Please print each entry below exactly as it stands, but without any pictures.

--- Stored data ---
━━━━━━

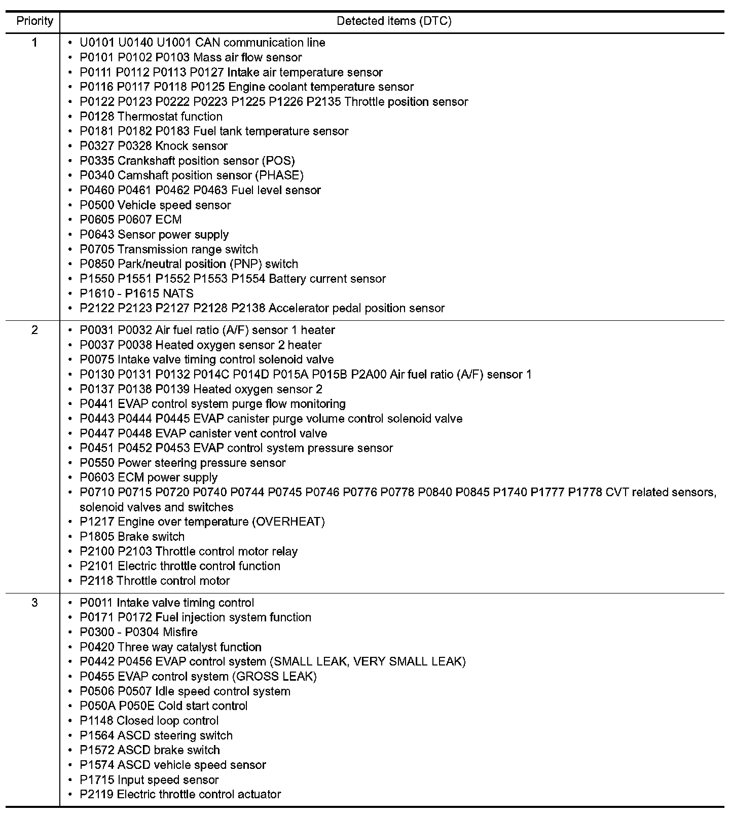 If some DTCs are displayed at the same time, perform inspections one by one based on the following priority chart.
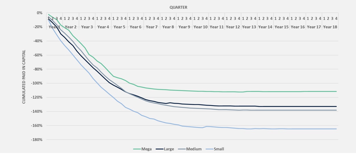 Regardless of their size, US LBO funds share some common features. By Year 5, they are all fully invested. They all have a cumulated paid-in above 100% of the fund size. Fund managers recycle early distributions and reinvest them to compensate for the weight of costs and fees on performance. The shape of the curve is fairly similar, although the deployment is faster at the smaller end of the deal sizes.
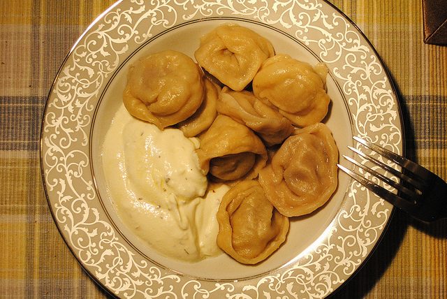 Рецепт из книги 15-го века: сделай тесто из пшеничной муки и воды, раскатай, положи мясо и залепив, вари в бульоне до готовности.
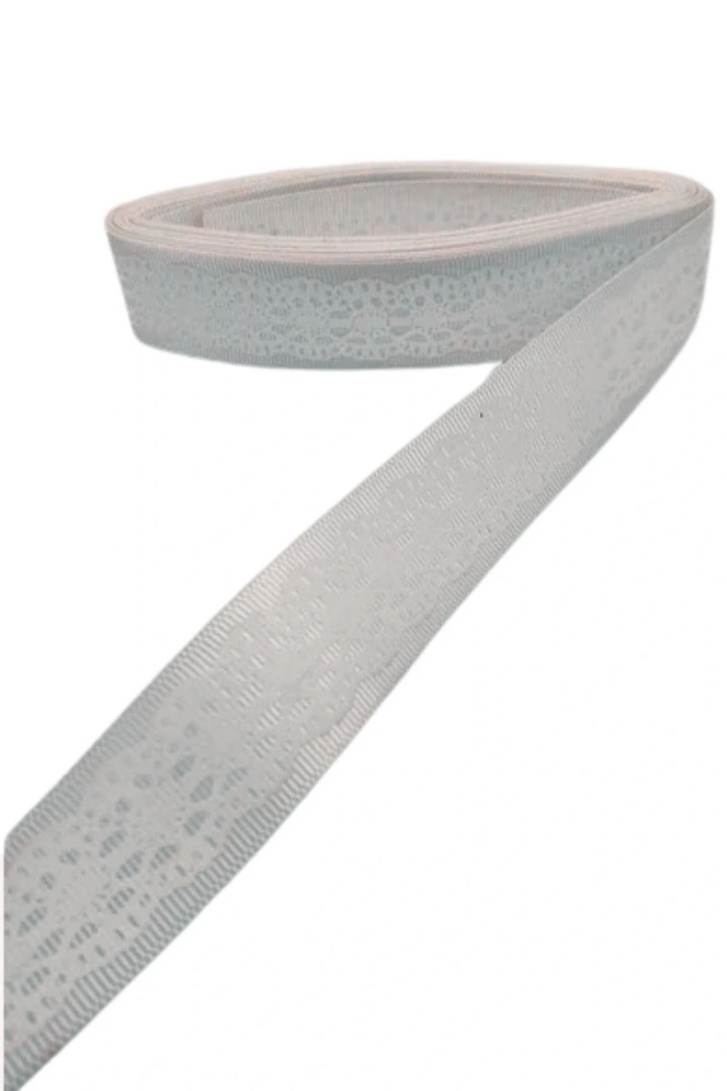 Tafta Dantel Görünümlü Kurdele Gri 25 mm 2 Metre
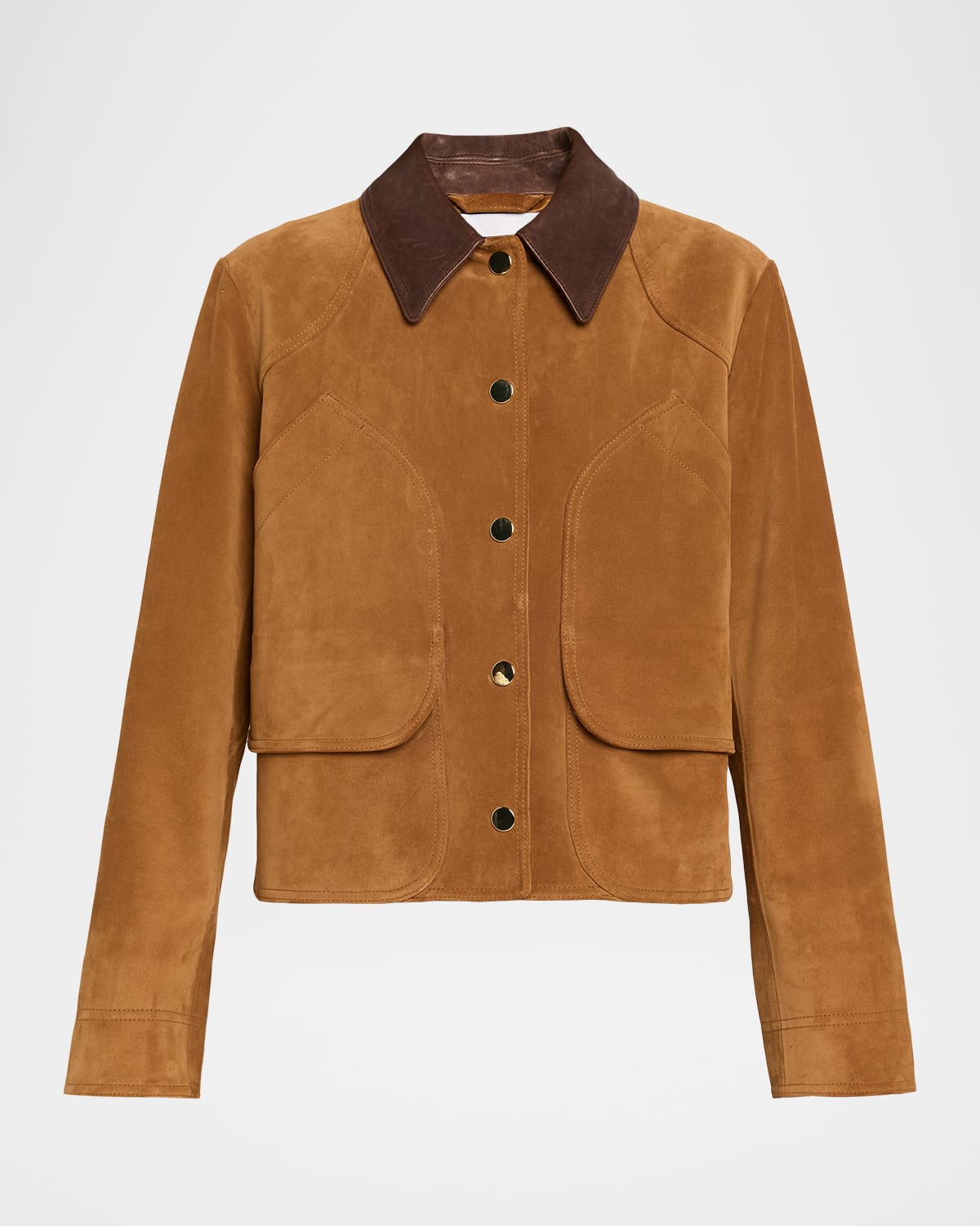 Crafted from supersoft calf suede, the "Walters" jacket by Veronica Beard offers an elevated take on the classic utility jacket with a contrasting collar and oversized pockets for added flair. Spread collar Long sleeves with snap cuffs Back box pleat Boxy fit Cropped length Snapfront Leather Leather method dry cleaning Imported

━━━━━━

--- The answer ---
 If some DTCs are displayed at the same time, perform inspections one by one based on the following priority chart.
 Regardless of their size, US LBO funds share some common features. By Year 5, they are all fully invested. They all have a cumulated paid-in above 100% of the fund size. Fund managers recycle early distributions and reinvest them to compensate for the weight of costs and fees on performance. The shape of the curve is fairly similar, although the deployment is faster at the smaller end of the deal sizes.
 Рецепт из книги 15-го века: сделай тесто из пшеничной муки и воды, раскатай, положи мясо и залепив, вари в бульоне до готовности.
 Tafta Dantel Görünümlü Kurdele Gri 25 mm 2 Metre
 Crafted from supersoft calf suede, the "Walters" jacket by Veronica Beard offers an elevated take on the classic utility jacket with a contrasting collar and oversized pockets for added flair. Spread collar Long sleeves with snap cuffs Back box pleat Boxy fit Cropped length Snapfront Leather Leather method dry cleaning Imported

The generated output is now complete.